In the early years of this conference, in the ‘70s, several efforts were made to apply the seminal work developed by Edward F. Codd, the creator of relational databases. These systems are used in every area that manages large volumes of information: banking, online shopping, health records systems, retail inventory management, and many more. His outstanding contribution is considered a landmark in the data science field at large, and Codd received the Turing Award in 1981.

In the 1980s, Jim Gray deepened Codd’s research by addressing the issue of database integrity. His work was critical to developing systems that allowed multiple users to query information simultaneously. Today, it is the foundation for applications such as online banking transaction processing and e-commerce. Gray received the Turing Award in 1998.

The most recent laureate is Michael Stonebraker, who created new management systems that revolutionized the market, such as Postgres, which allows for connecting more complex and diverse information. His innovations are being applied by companies and services like Instagram, TripAdvisor, Uber, and Spotify, among many others. Stonebraker received the Turing Award in 2015 for his innovation in this field.


The following decades added more breakthroughs: in the ’90s, the birth of the World Wide Web opened the way to new research fields, such as the creation of systems for extracting and exchanging information from large-scale data, an area where the work of Héctor García-Molina, from Stanford University (USA), stands out.

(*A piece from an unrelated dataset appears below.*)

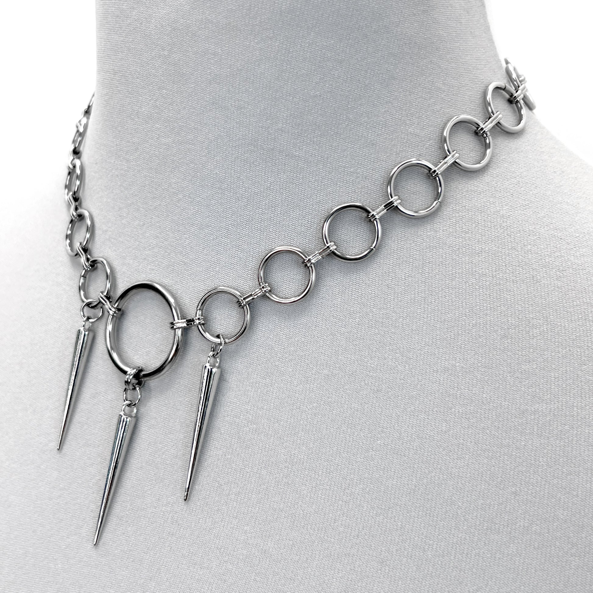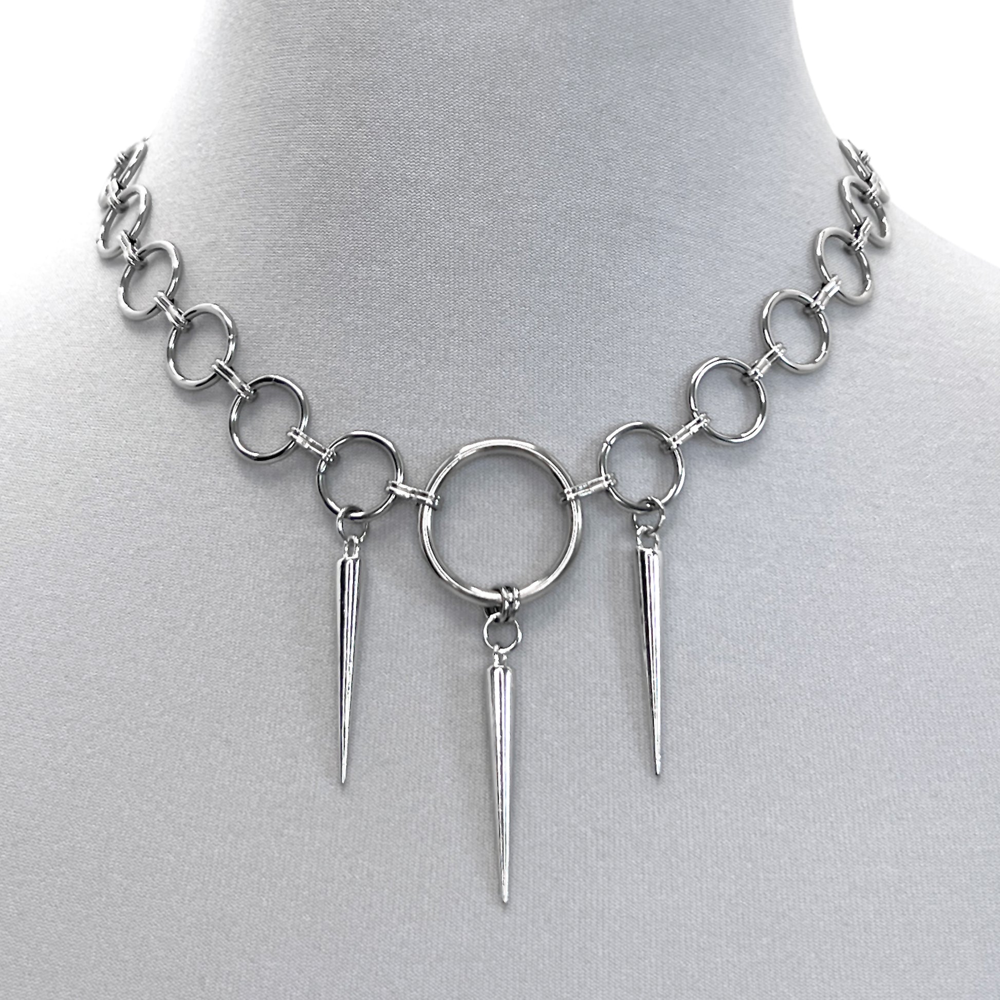 Linked silver stainless steel O-rings with a larger ring in the front and 3 spikes hanging from the front 3 rings. It is adjustable from 40 cm to 45cm. I can add additional chain to make it longer if needed, just add a note to the order.

He mentored the project of two doctoral students who revolutionized the internet: Sergei Brin and Larry Page, creators of Google.

“The 2000s is the decade when the term Big Data emerged. We were able to identify its challenges, such as the volume of information, production speed, and data diversity. This gave impulse to carry out research for new methods and systems for fields like astronomy or DNA sequencing,” explains Pablo Barceló.

From 2010 to today, the advances made in artificial intelligence (AI) algorithms that use large data repositories have led part of the scientific community from SIGMOD/PODS to focus on the great challenge of AI bias.

“This urgent need has arisen to develop research on the responsible use of data and AI, studying the risks involved in manipulating large volumes of information to make decisions. Many of the works presented at SIGMOD/PODS address these challenges from a theoretical and applied perspective,” concludes Nayat Sánchez.

For the first time in its more than 50-year history, the most influential event in the field of database systems will take place in Latin America, with Chile as the host country. The meeting is co-organized locally by the Universidad Católica de Chile and Inria Chile, with the goal of bringing together experts from academia and the industry, all of them leaders in cutting-edge research on the theory and applications of large-scale digital data.